In my research about distribution theory in the topic of probability and statistic, I came across the following integral:
$$\int_0^\infty \frac{\operatorname{erf}(1/x)\operatorname{erfc}(1/x)}{x}dx$$ I run it using WolframAlpha and as shown here I have got $\dfrac{2C}{\pi}$, where $C$ is Catalan's constant. The latter let me to believe that $$\int_0^t \frac{\operatorname{erf}(1/x)\operatorname{erfc}(1/x)}{x}dx$$ have a nice closed form which i didn't Get it using integration by part and series asymptotic of both error function and complementary error function, Any way to get that closed form?

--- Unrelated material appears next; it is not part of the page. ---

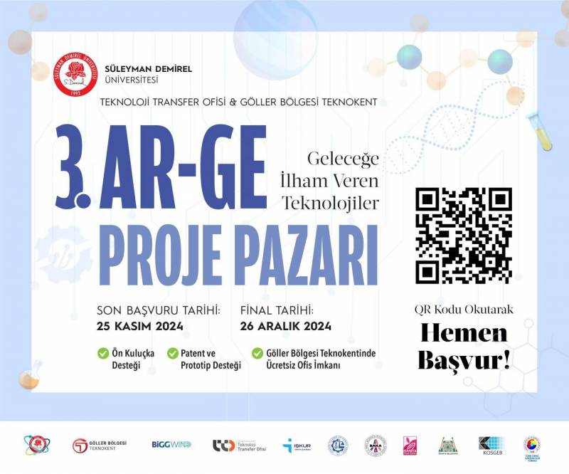 Süleyman Demirel Üniversitesi tarafından Göller Bölgesi Teknokent işbirliği ile düzenlenecek olan SDÜ 3. ARGE Proje Pazarı, TÜBİTAK 1503 Proje Pazarı Destekleme Programı kapsamında destek almaya hak kazanmıştır. Bu önemli destek, etkinliğin ülkemizin Milli Teknoloji Hamlesi doğrultusunda, inovasyon ve girişimcilik ekosistemine katkı sağlaması açısından büyük bir fırsat sunmaktadır. Söz konusu etkinlik, üniversite-sanayi iş birliğini güçlendirmeyi, teknoloji ve yenilik odaklı projelerin ticarileşme süreçlerini hızlandırmayı ve katma değer yaratma potansiyeline sahip projeleri desteklemeyi hedeflemektedir. Proje Pazarı’nda dereceye giren ilk üç proje ödüllendirilecek olup, tüm üniversitelerden akademisyen, öğrenci ve araştırmacılar projeleriyle başvuruda bulunmaya davet edilmektedir.Bu etkinlik kapsamında, Isparta Ticaret ve Sanayi Odası, Isparta Ticaret Borsası, Batı Akdeniz Kalkınma Ajansı (BAKA), Isparta Belediyesi, KOSGEB ve İŞKUR gibi saygın kurumlar iş birliği yapmaktadır.

Note: $\mathrm{erfc}$ is the complementary error function.
Answer
I'm not sure what definition of the error function you have, but I will use:
$$\operatorname{erf}(x)=\frac{2x}{\sqrt \pi}\int_0^1 e^{-x^2z^2}dz,\quad \operatorname{erfc}(x)=\frac{2x}{\sqrt \pi}\int_1^\infty e^{-x^2y^2}dy$$
Now notice that via the substitution $x\to \frac{1}{x}$ your integral is:
$$I=\int_0^\infty \frac{\operatorname{erf}(1/x)\operatorname{erfc}(1/x)}{x}dx=\int_0^\infty \frac{\operatorname{erf}(x)\operatorname{erfc}(x)}{x}dx$$
Using the integral representation of the error function that I mentioned we get:
$$\require{cancel}I=\left(\frac{2}{\sqrt{\pi}}\right)^2 \int_0^1 \int_1^\infty \int_0^\infty \frac{xe^{-x^2z^2}\cdot \cancel xe^{-x^2y^2}dz}{\cancel x}dx dydz$$
$$\overset{\large x^2=t}=\frac{2}{\pi}\int_0^1 \int_1^\infty \int_0^\infty e^{-t(z^2+y^2)}dtdydx=\frac{2}{\pi}\int_0^1 \int_1^\infty \frac{1}{z^2+y^2}dydz$$
$$=\frac{2}{\pi}\int_0^1 \frac{\arctan z}{z}dz=\frac{2}{\pi}\operatorname{Ti}_2(1)=\frac{2G}{\pi}$$
You might try the same approach for your more general integral, although at first sight it won't look that nice.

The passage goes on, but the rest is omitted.